Losing someone you love is a very painful experience. Watching someone you love valiantly battle cancer is a life changing experience. I watched my father fight Stage IV base of the tongue cancer for 7 years. There are no words to describe how helpless I felt as I watched my father slowly die before my eyes. Something outside of my control was slowly taking my father from me.
One thing that is for sure, no matter how difficult circumstances became throughout my father’s illness I always found a way to express my love for my father. I always entered my father’s room full of hope ready to embrace the day. During each telephone conversation, each visit, I was wearing my battle gear right along side my Dad. We were going to try our best to beat this together, as a family. I made sure to show my deep admiration for my father’s strength and courage with each visit. I was thankful for each moment we shared together, and the possibility of just one more day with my Dad.
My father died knowing how much I loved and adored him, and for that I’m eternally grateful.
Saying goodbye is never easy. Perhaps the fact that my father was sick for so long forced me to open my eyes and realize how precious life is. No one is guaranteed tomorrow. My father’s illness and death are now a part of me. Below are some valuable lessons I learned from my father’s journey.
- Never miss an opportunity to say “I love you” – as cliche as this sounds this should be your number one priority. Not a day went by that I didn’t speak to my Dad and tell him I loved him.
- Share photos and memories – During the last few days of my father’s life I vividly remember sitting next to him browsing old photos, sharing fond memories. We laughed, cried and laughed some more. I had a great childhood and I made sure my Dad knew how grateful I was.

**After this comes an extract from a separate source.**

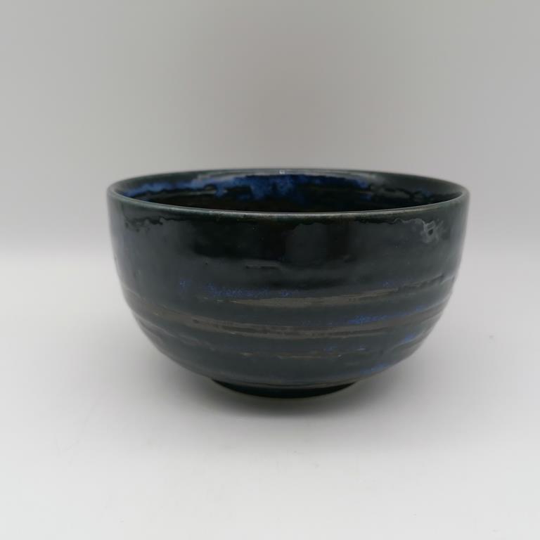 Bellissima ciotola artigianale per da domburi, in ceramica giapponese di colore blu con spirali nere.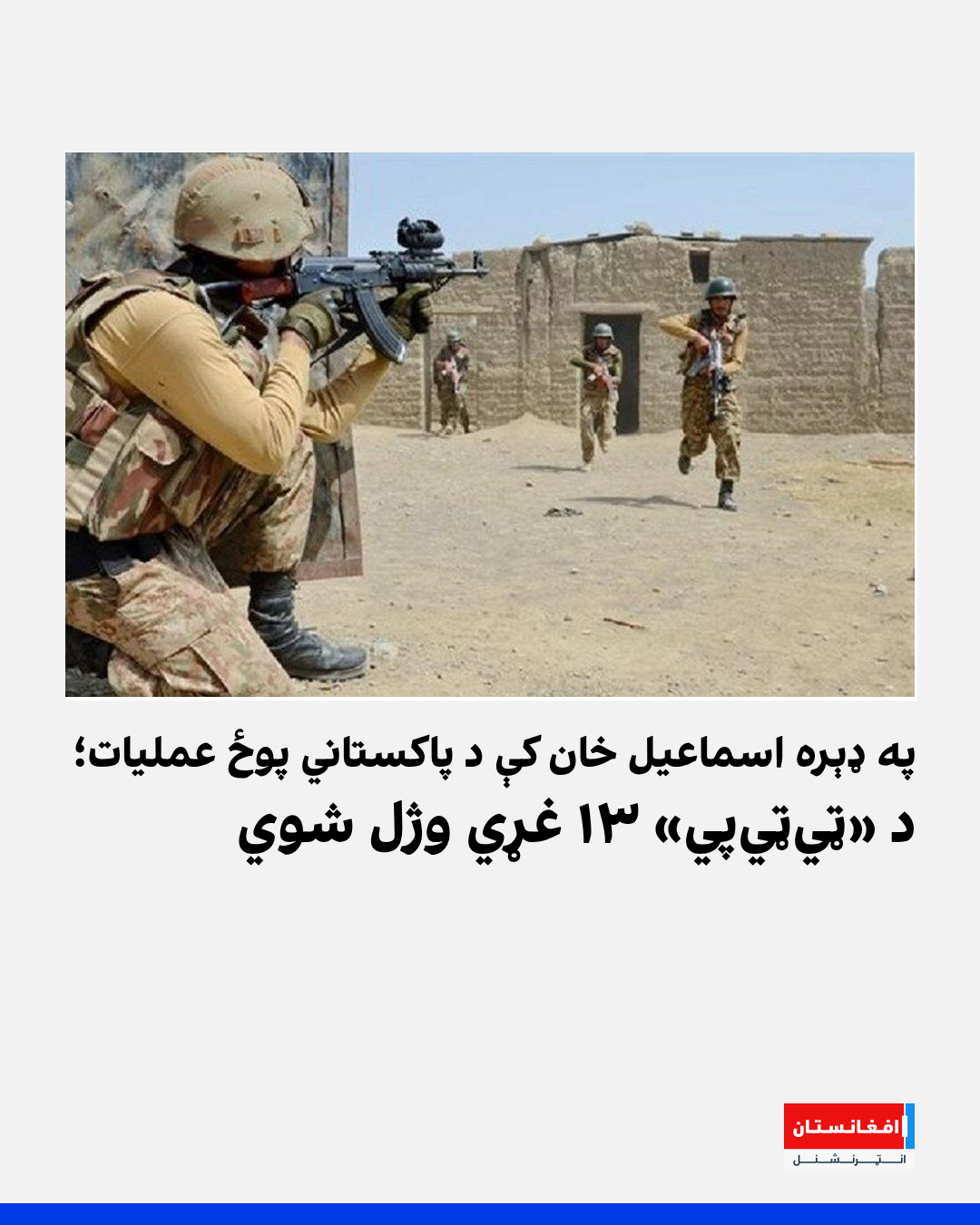 د پاکستان پوځ د عامه اړیکو څانګې (ای اېس پي ار) د ډېره اسماعیل خان د درابن په سیمه کې د امنیتي ځواکونو په عملیاتو کې د تحریک طالبان پاکستان (ټيټيپي) د ۱۳غړو د وژل کېدو خبر ورکړ.

- Respect the dying person’s wishes – My Dad had all his senses, HE was in charge.
- Keep the peace – Listen it’s flat out obnoxious to walk into a dying person’s room and shoot your mouth off. If the immediate family invites you in at the request of the dying person walk in, pay your respects and keep your comments to yourself. Any discord in the environment will add to the load of the dying person. Bickering causes unnecessary distress to the dying person and the immediate family.
- Your actions speak volumes – My Dad and I were the chatterboxes in our family. The night my father was dying I lost my voice. I just sat there holding his hand, praying. For me, at that moment words were not needed.
In honor of my Dad, and countless patients like him it is imperative we take full advantage of the time we have for them and never take it for granted.
Life is a precious gift. Never miss an opportunity to embrace it and express your love.